As she eventually became frail and unable to stand, she continued to do the sequence sitting, sometimes even in her bed. This not only kept her stimulated, but helped her circulation and general wellbeing right up to the end of her long life.

Enhancing Wellbeing in Schools

Due to the effects lack of exercise can have on a child’s health and education, there’s a drive to promote wellbeing in the education process.

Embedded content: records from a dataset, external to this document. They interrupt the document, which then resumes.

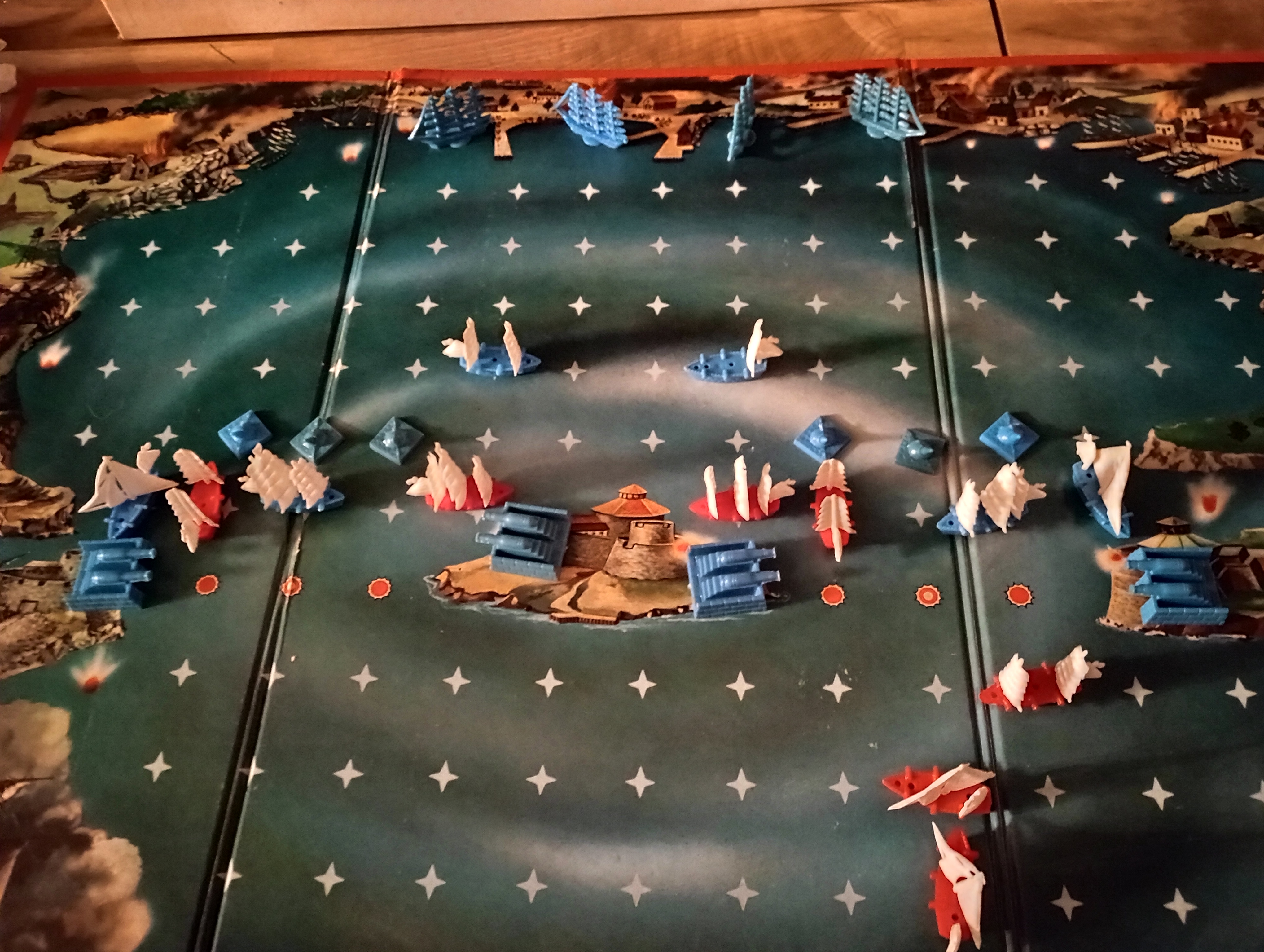 Broadside came out in the early 1960s as part of Milton Bradley's American Heritage series (Dogfight was another good one in this series). This was my favorite of this series. It was not about a specific historical battle but represented the War of 1812 naval fighting on the Great Lakes. I liked that it played pretty simply but represented well the term broadside and 'crossing the T' in the era of wooden ships naval battles. Broadside meant firing on another ship with the side of your ship facing them to bring to bear most of your guns which would be lined up along the sides of your ship. 'Crossing the T' referred to when you could get a broadside position on your opponent, but one of the ends of his ship was facing yours so that he couldn't return nearly as much fire. In the pic you can see the ships are red for Brits and blue for Americans, and have white sails. Each time a ship takes a hit from another, a white sail is removed sinking on the loss of its last sail. So the Brits start with stronger ships having more sails to start with, but they must get through the blue barriers - shore batteries and bouys which may either cause a hit or sink one of their ships - and defeat the blue ships to get to the back of the port to sink the defensless merchant ships there. The blue ships have to protect the merchant ships and destroy the red ships. In the decades since this game came out, gamers have been known to use the ships and sails to design other games of famous naval battles of the wooden ship era.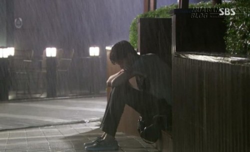 Một người đứng dưới cơn mưa tầm tã đang chờ Linh – là Trung! Cả người ướt sũng…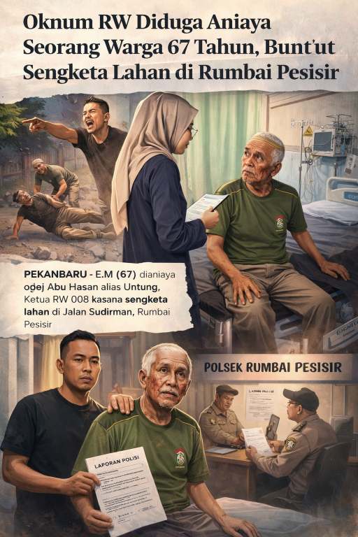 DetikXPost- PEKANBARU — Konflik sengketa lahan di wilayah Kecamatan Rumbai Pesisir, Kota Pekanbaru, berujung dugaan tindak pidana penganiayaan. Seorang warga lanjut usia berinisial E.M (67), warga Kelurahan Meranti Pandak, dilaporkan menjadi korban pemukulan yang diduga dilakukan oleh oknum Ketua RW 008, Abu Hasan alias Untung.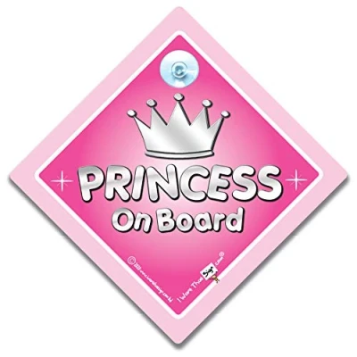 Princess On Board Car Sign, Baby Sign with Suction Cup, in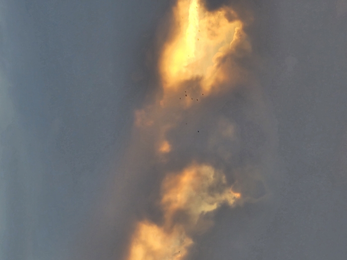 An elongated plume of golden-yellow clouds pierces through a predominantly gray sky. The cloud formation is vertical and appears to be illuminated from within, giving it a glowing effect. Several dark, small shapes, possibly birds, are scattered around the top section of the golden cloud. The rest of the sky shows various hues of gray, hinting at either a stormy or dusky atmosphere.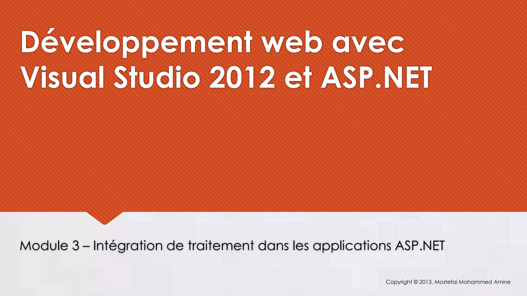 Le module 3 du développement web avec ASP.NET et Visual Studio 2012 traite de l'intégration de traitements dans les applications ASP.NET, incluant la programmation, la gestion des événements et le cycle de vie des pages. Il souligne l'importance du code behind pour faciliter la maintenance et aborde la gestion des événements au niveau applicatif via le fichier global.asax. En outre, il explique le concept de postback et les différences entre les événements côté serveur et côté client.

TMW is ideal for use in schools and colleges to help learners in:

  • Relaxation
  • Better sleep
  • Reducing stress and tension
  • Improving concentration
  • Increasing social contact
  • Building confidence
  • Supporting those who are more sensitive by teaching how to centre
  • Enhanced listening by encouraging receptivity through awareness and relaxation

TMW will also help education providers:

“Using TMW has allowed me to be much more centred and grounded in the classroom.  If I am fully present with my students they are open, alert and relaxed because they sense that in me.  When I teach from this space, lessons are clear and enjoyable for everyone”

Steve Blake – teacher in West Midlands

TMW has been explored in a number of different ways within the educational system.

  • A teacher in Powys Wales has used TMW to help her Year 11 and 6th form learners to prepare for examinations, helping them to centre and relax.  She has also used TMW for Year 9 as part of the Wales 560 approach to getting learners moving and fit for life.
  • TMW and its attendant principles has been introduced to a “Beaver Scouts” group in Malvern.
  • TMW principles have been used by schools in Scotland to help reduce incidents of bullying.
  • At the University of Wales students are offered a taste of Tai Chi’s approach to living life rather than surviving it as an additional viewpoint to their Religious Studies programme.
  • TMW has been presented at the University of Bath to promote ways of reducing stress and enhancing performance through its essential principles.
  • In 2009 TMW was invited by the University of Wales to present at their conference on Emotional Intelligence in Schools in South Wales.  As a result, TMW was introduced to a large primary school in Newport. Both staff and learners were impressed by its calming effect.